DATA TO EXAMINE —

= = =

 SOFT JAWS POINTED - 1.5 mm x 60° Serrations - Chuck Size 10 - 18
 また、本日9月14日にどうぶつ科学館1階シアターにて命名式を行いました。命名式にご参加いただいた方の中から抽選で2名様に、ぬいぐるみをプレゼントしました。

= = =

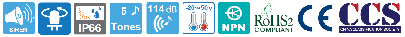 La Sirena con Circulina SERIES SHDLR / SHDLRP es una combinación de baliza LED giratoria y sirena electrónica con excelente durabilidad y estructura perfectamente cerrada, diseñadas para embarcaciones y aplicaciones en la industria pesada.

= = =

DIRECTIONS —
Only the lines above starting with the one with "SOFT JAWS POINTED" and going through the one with "また、本日9月14日にどうぶ" are to be copied, word for word and with both ends kept.

SOLUTION —
 SOFT JAWS POINTED - 1.5 mm x 60° Serrations - Chuck Size 10 - 18
 また、本日9月14日にどうぶつ科学館1階シアターにて命名式を行いました。命名式にご参加いただいた方の中から抽選で2名様に、ぬいぐるみをプレゼントしました。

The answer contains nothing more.